From some assertions that are heard one might think that a mental function is something good for little more than a single narrow situation, like the special bow that can be used only upon presentation at court. Let us, to test the truth of this, take almost an extreme case.

Even so particular a response, so particular a habit, as that of answering the telephone is far ifl less particular than it seems; it is run through and through with generality. It is called forth in many different situations; varied, too, is the action called forth. What you respond to is never quite the same: now it is a loud ring near by, and now a tinkle in the distance; now it is the clear note of a bell, now it is the whirr of a "buzzer." And your response is never the same: you arise, take a few steps and stand at the instrument; or again, you remain seated and bring the instrument to you; you speak with deference, you speak with impatience, you speak with a martyr's resignation. Never quite the same signal, never quite the same movements of the body, never the same words spoken, never in the same tone, never to the same purpose.

If one cannot but see the breadth and openness in even so restricted a habit as this, how much more general are the significant forms of action which the schools can rightly have at heart. The child who is inclined to "give up" at the least difficulty has a habit which applies to many and most varied situations. And if, instead, he can be turned about, can be made to assume a fighting attitude toward what is hard to do, he has been brought to attain what is applicable in ten thousand times and places.

The attitude of credulity, of helpless acceptance of whatever is stoutly asserted, is almost universal in little children. Nor is it a trait which is called forth only in some few and special situations; but rather upon all those infinitely varied occasions when persons meet and speak. And in its stead there can be the habit which means that one will hesitate, will weigh and test, will look to the evidence for all important statements.

Likewise the child's impulse to look first and foremost to his own particular self - to be vain, to be selfish, to sulk - this is a general form of action which displays itself in endless variety of detail and place.
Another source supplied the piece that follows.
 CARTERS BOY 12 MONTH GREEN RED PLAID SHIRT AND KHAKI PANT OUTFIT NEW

And no less general is the change from all this, so that he begins to see the interest of others and to let this be a constant check upon his self-seeking, a spur to action that is generous.
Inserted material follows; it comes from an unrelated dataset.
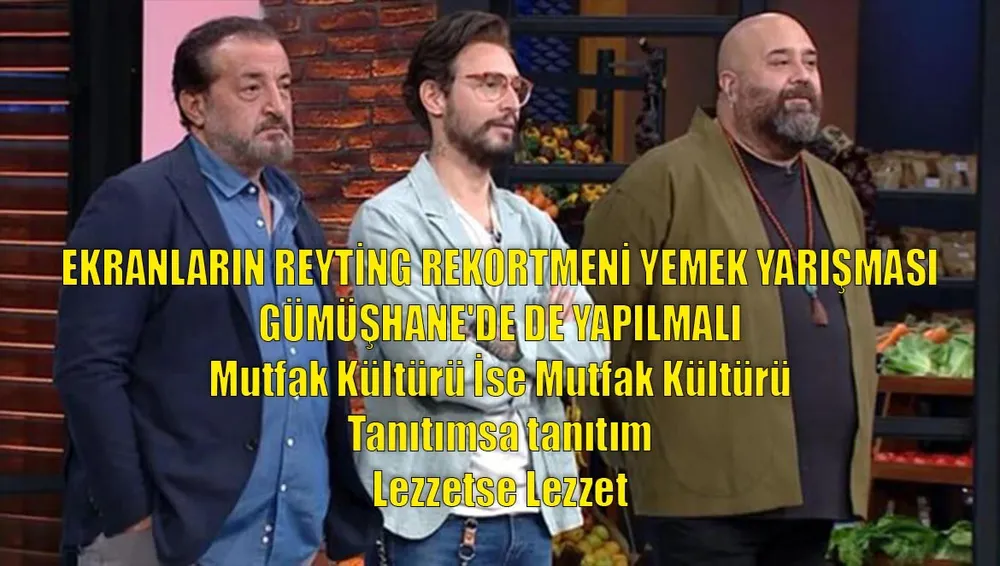 Gümüşhane'de bu çekimlerden bir tanesi olabilir mi? Bilindiği üzere Gümüşhane'de sofra kültürü açısından oldukça zengin bir şehir. Fasulyesinden, zironuna, kuşburnundan marmelatına kadar oldukça bereketli bir menüye sahip Gümüşhane'nin bu özelliği izleyicilerin rağbet gösterdiği yarışma programında neden yayımlanmasın?

These habits of mind, and a host like them, are perhaps less wide than the memory-in-general or the reason-in-general of the older education. The question whether the only appropriate term for them is "particular" or "general" would have delighted the professors of old Padua or Bologna. For us the important thing is to see their immense range of use, in all manner of situations and by all manner of men, whether they be day-laborers or diplomatists.

Considered with care, then, we can heartily accept neither the description in which the mind is made to be a composite of a few great faculties, i nor that in which the mind appears as an endless array of distinct functions. We have discerned something of what is wrong in these accounts.